To their west, Heydte’s 6th Paratroop Regiment and the 17th SS Panzergrenadier-Division Gotz von Berlichingen had established a defensive line on either side of the Carentan-Periers road. But the breakthrough the Germans feared there did not take place. The Allies had a much higher priority: the capture of the port of Cherbourg to speed their resupply.

The build-up of forces was already proceeding apace. In a triumph of American organization and industry, Omaha beach had been transformed. ‘Within a week after D-Day,’ wrote a naval officer, ‘the beach resembled Coney Island on a hot Sunday. Thousands of men were at work, including Sea-Bees, Army engineers and French labourers. Big and little bulldozers were busy widening roads, levelling ground and hauling wreckage.’ Before the end of June, Omaha beach command had a total strength of just over 20,000 officers and men, the bulk of them in the 5th and 6th Engineer Special Brigades. DUKWs ferried back and forth through the water with supplies and personnel. Once the beach was out of range of German artillery, then the landing ship tanks beached at low tide to disgorge more vehicles. When they opened their bow doors and dropped their ramps, according to one eyewitness, the strange grey vessel looked like a whale shark. ‘Jeeps bearing staff officers were as common as yellow cabs in the heart of New York,’ wrote the same naval officer. And ‘large groups of German prisoners could be spotted here and there awaiting removal via LST’.

On the beach, a sergeant in the 6th Engineer Special Brigade recounted how, when they were escorting some prisoners to a stockade, paratroopers from the 101st Airborne started to yell, ‘Turn those prisoners over to us. Turn them over to us! We know what to do with them!’ A member of a naval combat demolition unit saw the same or a similar incident. ‘Those wounded paratroopers were trying to do anything they could to get to those German prisoners. I guess they had been mistreated very badly in the rear or something. Bloody or not they were still ready to do more fighting if they could have gotten to those Germans.’

Unfortunately, wounded American airborne troops were evacuated on the same vessels as prisoners. An officer on LST 134 recorded, ‘We had an incident where we had some paratroop soldiers and prisoners aboard, and I don’t know what happened but I understand one or two Germans got killed.’ On LST 44, a pharmacist’s mate experienced a similarly tense encounter: ‘One of our ship’s officers started to herd these prisoners into the same area where I was helping tend some shell-shocked and wounded American soldiers.
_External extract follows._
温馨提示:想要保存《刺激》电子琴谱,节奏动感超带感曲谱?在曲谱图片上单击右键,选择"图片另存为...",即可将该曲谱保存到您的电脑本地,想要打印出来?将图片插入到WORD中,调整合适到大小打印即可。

The immediate reaction of our troops was frightening and fierce. The situation was explosive. For the first and only time, I refused entry and demanded our officer stop sending the captured troops into this area. Our lieutenant looked surprised and extremely angry, but grudgingly complied.’
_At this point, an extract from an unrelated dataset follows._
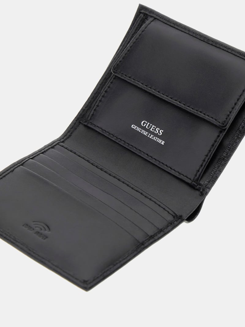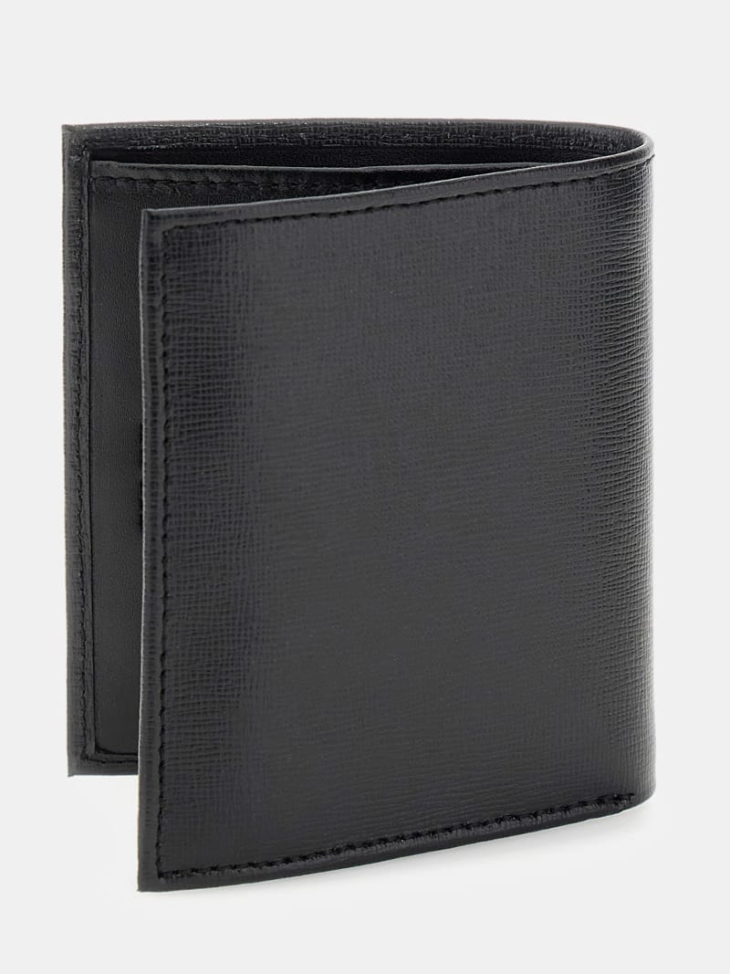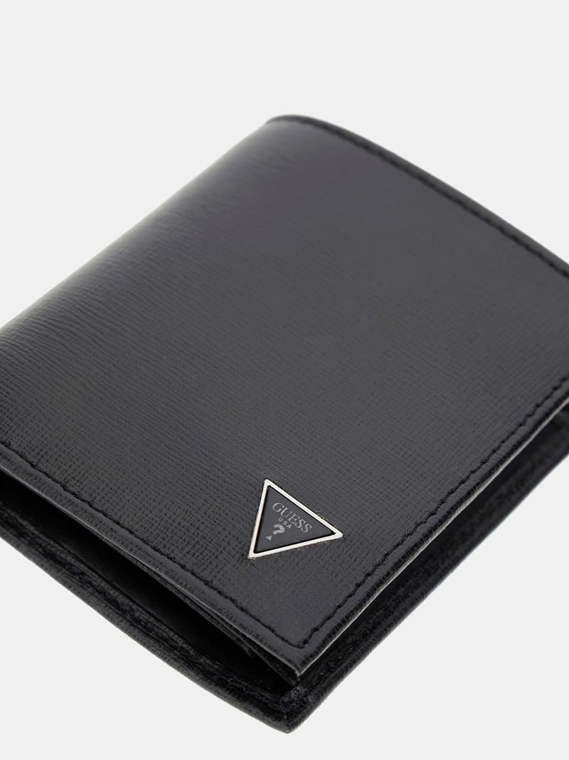 Rivestimento esterno in vera pelle.Motivo Saffiano.Hardware color argento.Portamonete all'interno.Logo triangolare in metallo sul davanti.

The LSTs were specially equipped for bringing wounded back to base hospitals in England. ‘There were stretchers placed on brackets on the bulkheads of the tank deck,’ noted the same pharmacist’s mate, ‘and they were several tiers high.’ Some of the wounded prisoners of war were in a terrible state. ‘A German prisoner brought aboard on a stretcher had a body cast extending from his ankles to his chest. He was pleading with me and our ship’s doctor for help. He called us, “Comrade, comrade.” Our ship’s doctor, with my assistance, opened the cast, only to find this pitiful human being was being eaten by hordes of maggots. We removed the cast, cleaned him, bathed him, gave him pain killers. We were too late. He died peacefully that evening.’
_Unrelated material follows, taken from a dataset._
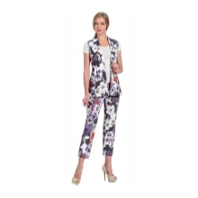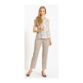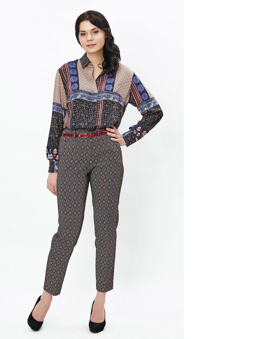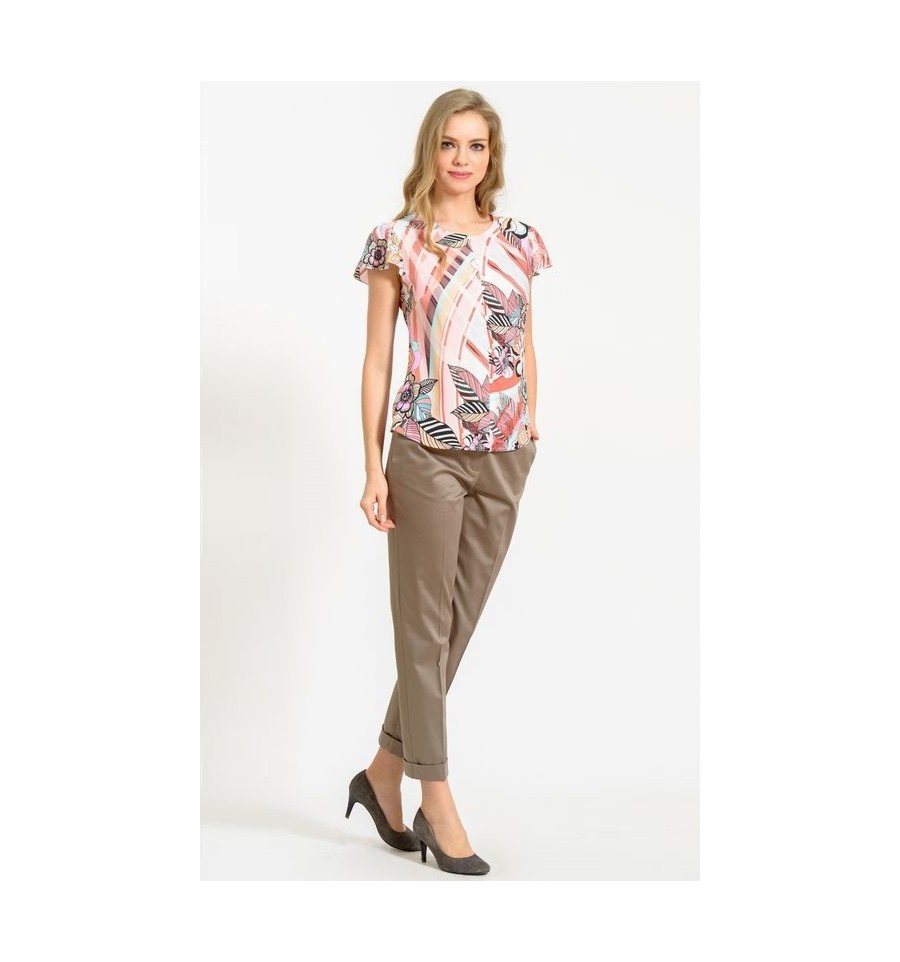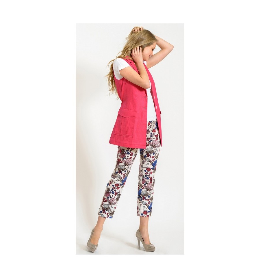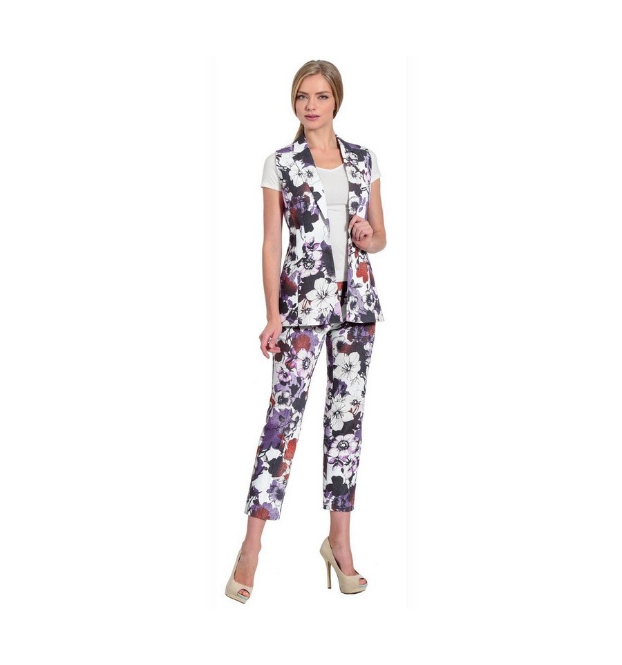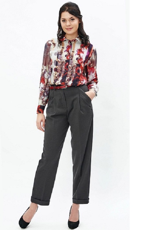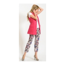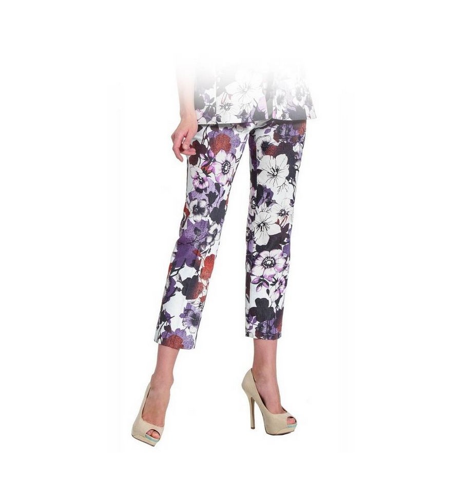 - The first is cropped trousers with floral motifs. They look good with jackets, cardigans, vests, T-shirts and T-shirts. From shoes are combined with ballet shoes, sneakers, and with high heels.

Both at Utah and at Omaha, rear troops and sailors were as desperate as front-line soldiers to get their hands on war souvenirs. According to a Coast Guard officer on the USS Bayfield, souvenir hunters bartered away furiously for German medals and badges of rank. Many prisoners of war, still fearing execution as their commanders had warned them, handed them over with little protest. On land, the most eagerly sought trophies were Luger pistols. If anyone wanted a Luger, one officer remarked, he had to ‘shoot the German himself and catch him before he fell’. Back at the beach sailors were paying $135 and there was talk of offers as high as $250, a great deal of money at the time. An enterprising sergeant from the 2nd Armored Division brought back to the beach a truck-load of captured weapons and bartered them for 100 pounds of instant coffee, a commodity which American tank troops regarded as body fuel.

As the officer in charge of Omaha admitted, a ‘considerable laxity of discipline prevailed’ in the beach area. Brigadier General William Hoge of the beach engineers did everything he could to stop the looting of local property, which, he declared in a conference, ‘had been denounced by the French as worse now than when the Germans were there’. Many soldiers and beach personnel stole livestock to make a change from K-or C-Rations. Some frogmen with a naval combat demolition unit caught a pig, whom they nicknamed Hermann Goring. They tried to kill it with a sledgehammer, but it just screamed, so they shot it. They dug a pit in the sand and began to roast it. French civilians also looted, although paradoxically searching for US Army ration packs. This was, however, unsurprising, since the French ration was fixed at 720 grams ofmeat, 100 grams of butter and 50 grams of cheese per person per month.

Despite the looting, relations with the local population started to become a little more friendly. ‘The [French] attitude is one of shrewd and watchful waiting,’ a report stated. Many locals were still concerned that the Germans might return, although few would suffer as dramatically as the citizens of Villers-Bocage. The civil affairs department provided doctors with gasoline and the American medical corps did their best for injured civilians, especially since the hospital at Isigny was incapable of dealing with all the casualties.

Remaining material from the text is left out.